Symantec Gov Symposium

ATARC’s Tom Suder on Security Automation

Security Automation

Security Automation: Reducing Friction and Increasing Innovation
By Tom Suder, Founder, ATARC

Despite the difference in their operational goals, security is handled in a surprisingly uniform fashion across both enterprises and federal agencies. To deal with external threats most of these organizations use a traditional security information and event management (SIEM) solution e.g. IBM QRadar or Splunk ES which, at the risk of oversimplification, spits out a relentless stream of real-time alerts to be reviewed by the staff of a security operations center (SOC). Unfortunately, these alerts can quickly become a flood.

CSO contributors Stacy Collett and Maria Korolov cite research from analyst firm Ovum to note that “many organizations, regardless of size, receive tens of thousands of security alerts from their monitoring systems every day. Some 37 percent of banks, for example, receive more than 200,000 security alerts a day about possible attacks.” Unfortunately, this is only the beginning of the challenge for security professionals employed in the enterprise and the federal government.

In addition to vigilance in the face of external threats, security professionals are expected to review applications purchased off the shelf or developed by internal teams to assess their vulnerabilities, among other tasks. This second responsibility frequently puts security at odds
with internal development teams facing pressure to deliver valuable applications and can result in friction between departments. The multiplication of assigned tasks, combined with the relative scarcity of cybersecurity professionals, results in an untenable situation. Security teams just can’t keep up with the demands on their time.
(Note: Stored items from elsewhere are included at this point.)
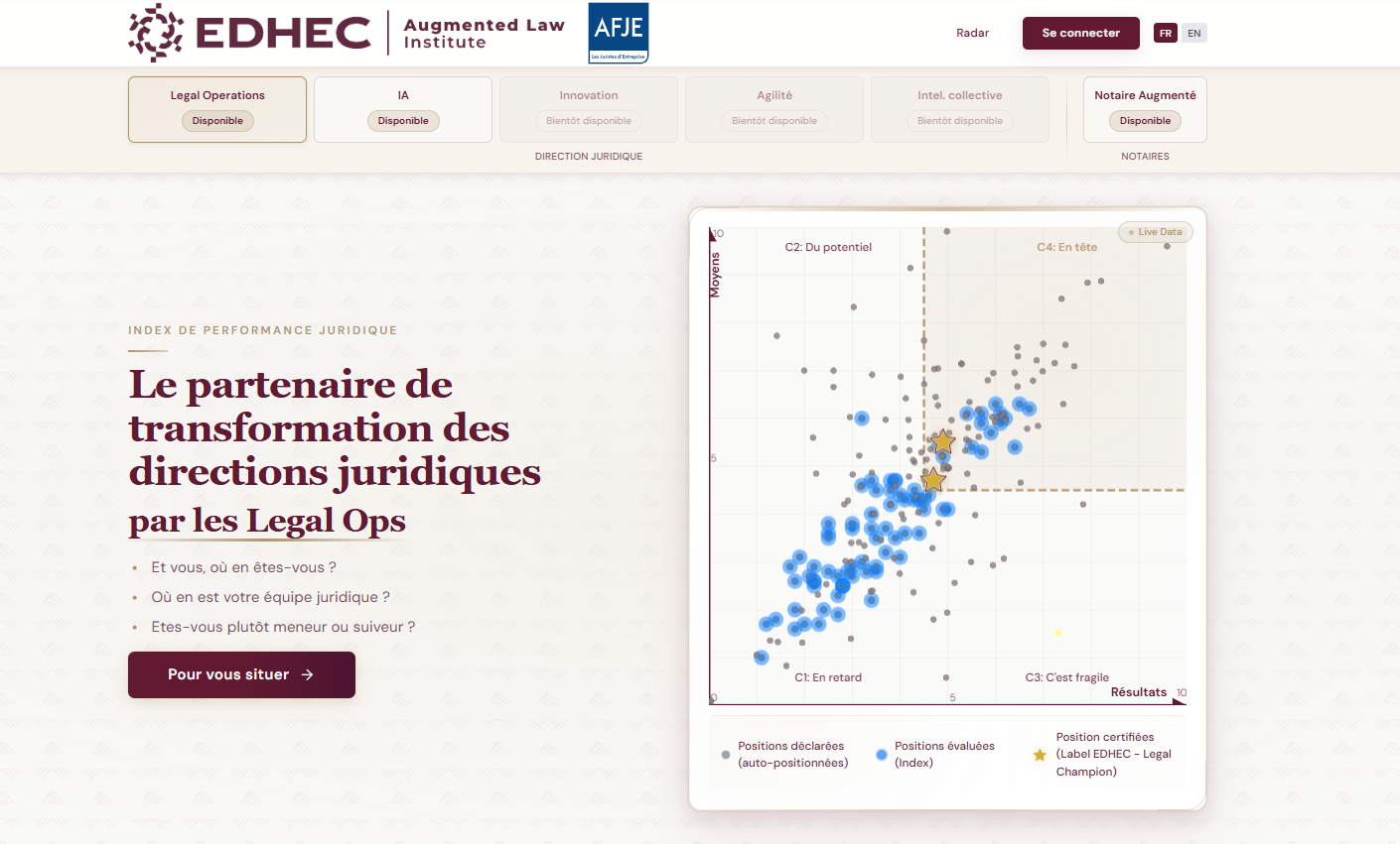 Dans un contexte marqué par l’IA, l’automatisation et les legal operations, les directions juridiques ont besoin d’outils concrets pour évaluer et orienter l’excellence de leurs pratiques. L’EDHEC Augmented Law Institute, avec le soutien de Septeo Legal Suite, a développé des index mesurant la performance des directions juridiques sur des axes clés. Ces index ont donné naissance à des radars de transformation, disponibles sur LegalPerformers.com/LegalChampion, qui permettent de se situer en temps réel, de prioriser les actions et de suivre les progrès dans la durée.
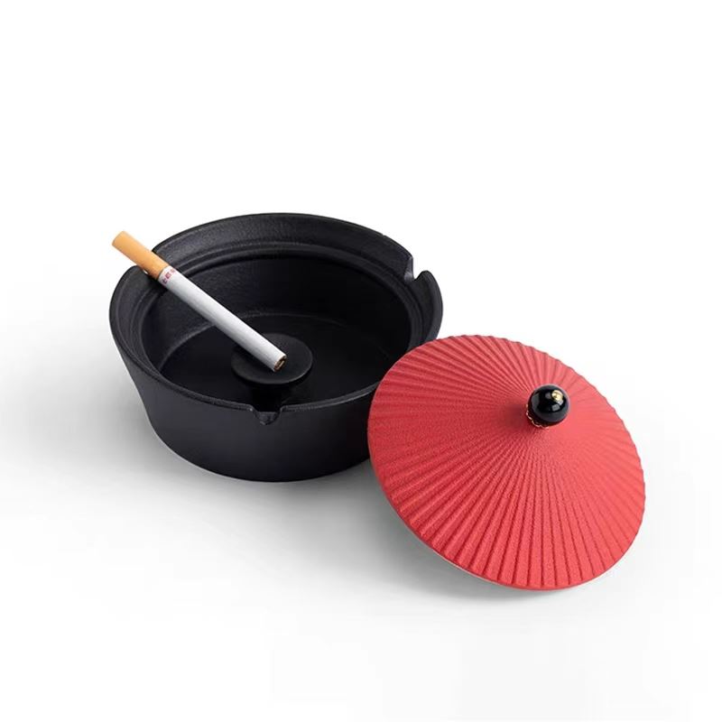 這款煙灰缸的設計靈感來自唐代官帽,呈現出復古的官帽造型。紋理豐富的紅色蓋子飾以黑色珠子,與黑色缸體相得益彰,展現出濃鬱的中國傳統美學。缸體內置煙嘴,合上蓋子後可整齊地收納煙灰。它不僅實用,方便存放日常煙灰,其獨特的中國風設計也使其成為茶几或其他桌面上的一道亮麗風景。這是一款兼具實用性與美觀的中國風生活用品。
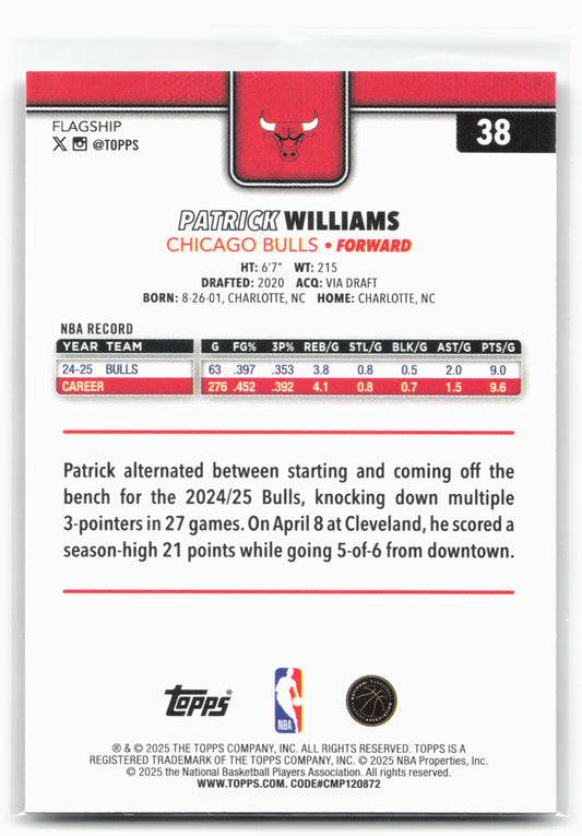 This is a nice example of a 2025-26 Topps #38 Patrick Williams Season Tip Off Other important information about this card:26256In 2025 Patrick Williams played for the Chicago Bulls.Please check...
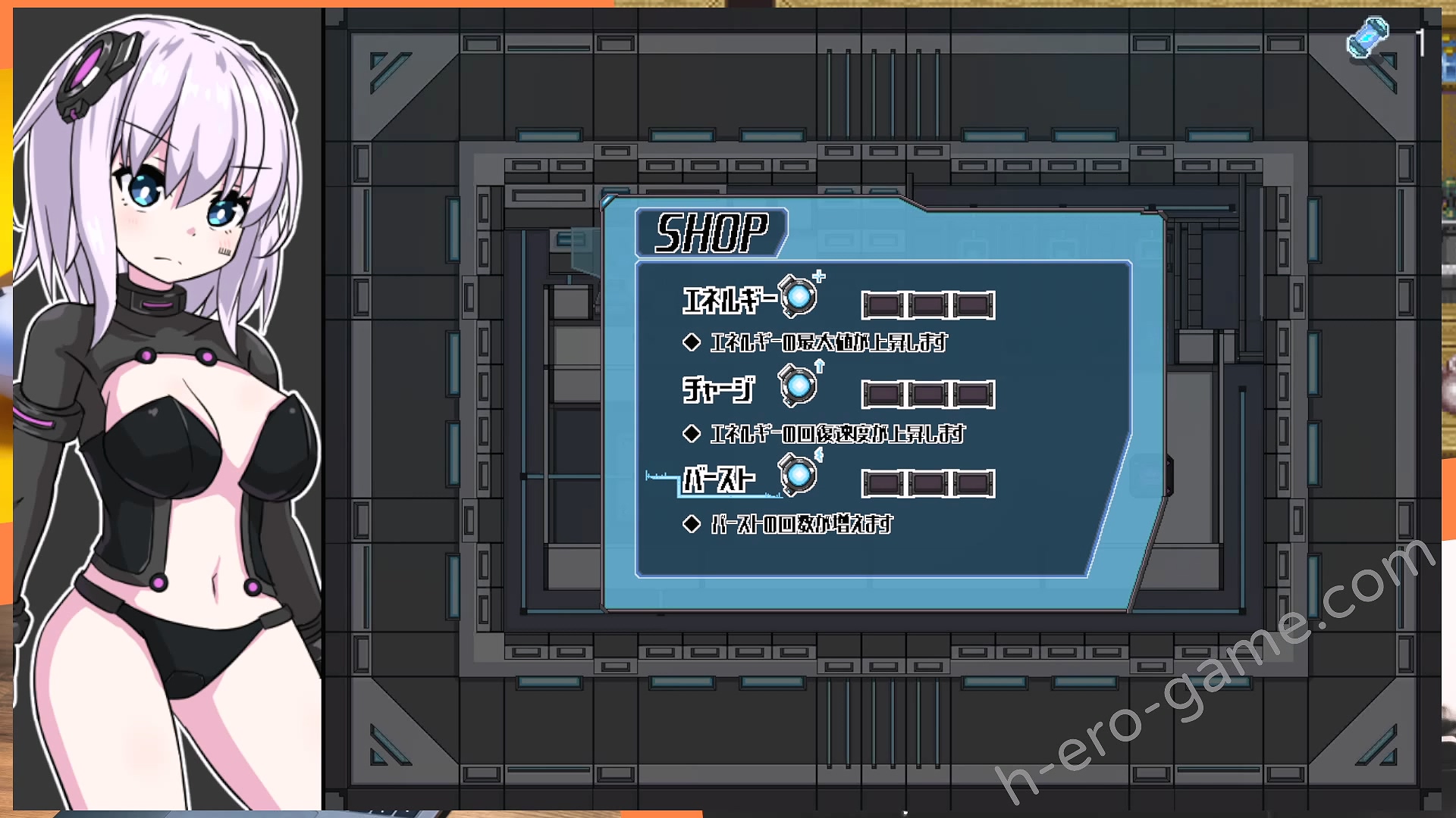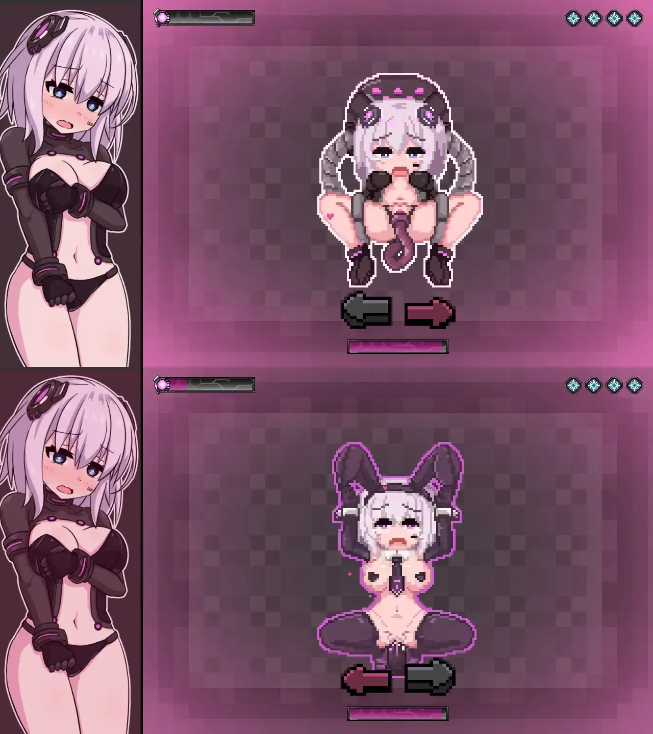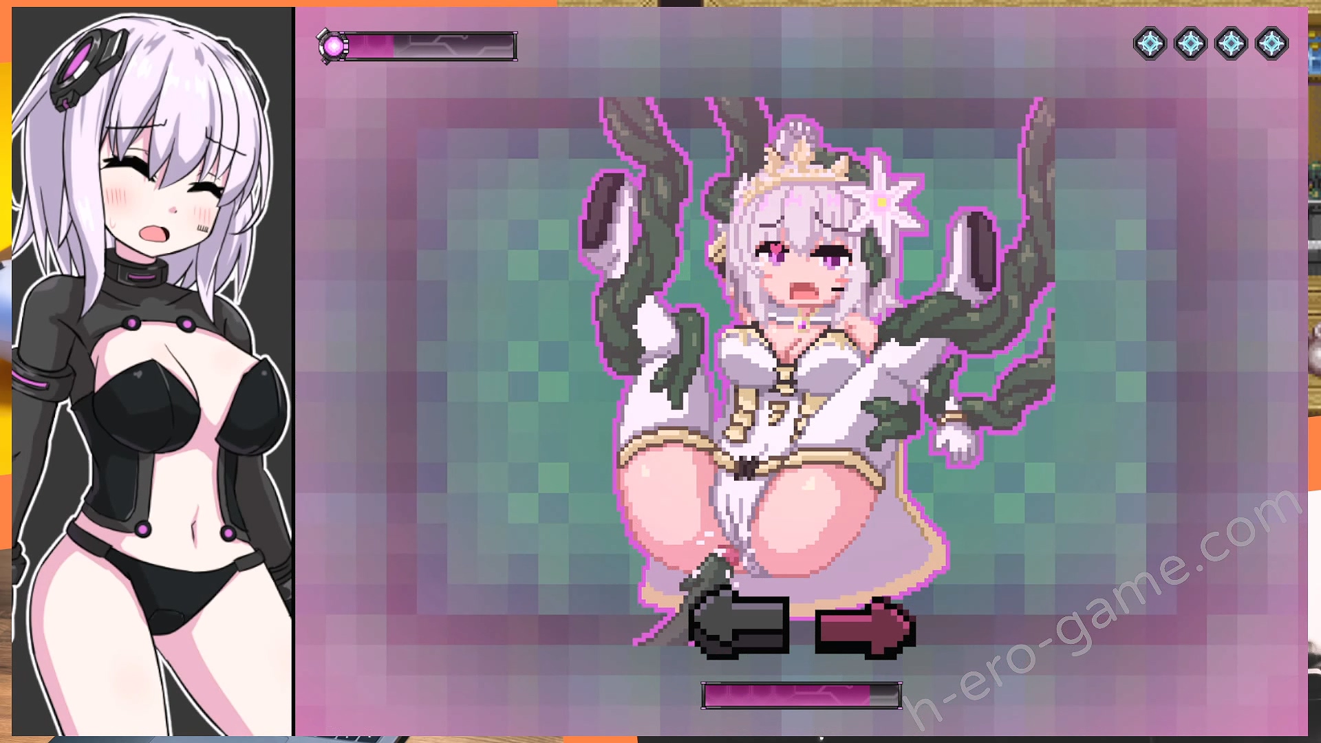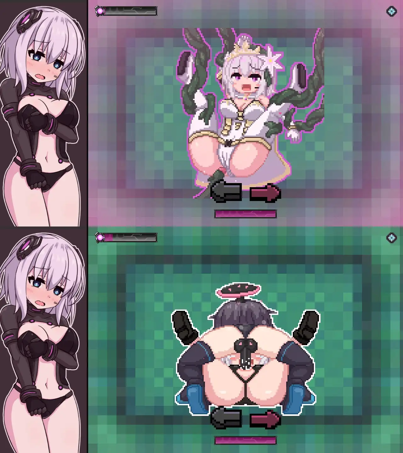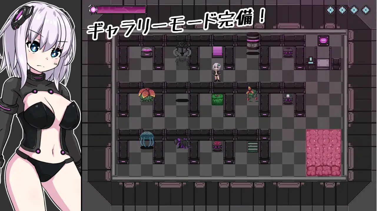 當能量低並且觸碰到敵人的攻擊時將觸發H場景,每種敵人都有一組動圖。雖然是點繪的風格,但被捕捉並且被侵犯的動圖相當精緻,女主相當可愛而且表情看起來很愉悅。

Collett and Korolov cite a study by research firm CyberEdge Group finding that “security practitioners worldwide cited the ‘overwhelming cyber threat environment’ as the single biggest challenge facing IT security professionals in 2015 and 2016.”

To use an old adage, “necessity is the mother of invention” and cybersecurity is no different. In order to help ease the burden on security teams, and increase their agility, the last few years have seen the emergence of what has commonly come to be referred to as “security automation.” While the term has come to mean slightly different things in different contexts, “security automation” is typically used as a shorthand way to refer to automated processes designed to detect and respond to threats according to defined criteria.

Sophisticated organizations, public and private, are paying attention. A 2016 survey referenced by Infosecurity Magazine found that “80% of respondents believe that automation will increase the overall security posture of their organizations, while 75% think it will improve application availability, reduce errors and enable them to process security policy changes faster. And as a result, 83% of organizations stated that the use of automation for managing security processes needs to increase over the next three years.” However, at the time the survey was conducted, the implementation of security automation remained limited. According to the survey, “only 15% of respondents reported that their security processes were highly automated. Over 52% had some automation in place but felt that it was not enough, and 33% said they had little to no automation.”

That’s starting to change. This year analyst Jon Oltsik of Enterprise Strategy Group cited research from his firm showing that “19 percent of enterprise organizations have adopted security operations automation and orchestration technologies ‘extensively,’ 39 percent have done so on a limited basis, and 26 percent are currently engaged in a project to automate/orchestrate security operations.” Yet it’s important to note that the benefits of security automation are much greater than just improving the speed at which security teams can work. Indeed, the benefits extend beyond security teams themselves.

In addition to the increased adoption of security automation technologies by enterprises and federal agencies, the past few years have seen a shift in the way that IT and security are viewed by executives. These departments are not seen as just a cost center anymore e.g. line items on a budget that have to be paid out as a kind of ransom in order to keep systems running and reduce the risk of a cyberattack. Instead, executives are increasingly looking towards IT and security departments to drive innovation. But this can’t be accomplished without these two departments becoming allies instead of adversaries.

Earlier I noted that one common area of friction between IT and security arises during application development. Ask a developer to honestly state what they think of their colleagues in cybersecurity and they’ll say something along the lines of “security are the people that say ‘no’.” That’s because developers often see security professionals as the ones holding up their ability to deliver value with frequent security checks that inevitably last longer than necessary simply because overtaxed security professionals don’t have adequate time to devote to the process. It’s not that developers don’t understand the importance of security, they do, but they’re frustrated by the delays. This is doubly true at enterprises and federal agencies that have no choice but to hold themselves to the highest security standards possible. In many cases an application can even be discarded entirely after it fails to meet security standards.

Security automation offers a path out of this painful cycle by bringing security into the development and purchasing process. Automated security checks, such as through code scans to detect for code vulnerabilities, can resolve many issues on an ongoing basis throughout the development or evaluation process with no need for human involvement. This allows for security professionals to be held in reserve to handle the comparatively rare “grey areas” where their expertise is truly necessary. Further checks can be run in response to specified events after deployment, such as an operating system update.

The result is that IT and security are able to work more efficiently and harmoniously together and, by extension, deliver greater business value. To repurpose the title of Roger Fisher and William L. Ury’s 1981 classic, security automation helps security departments “get to yes.”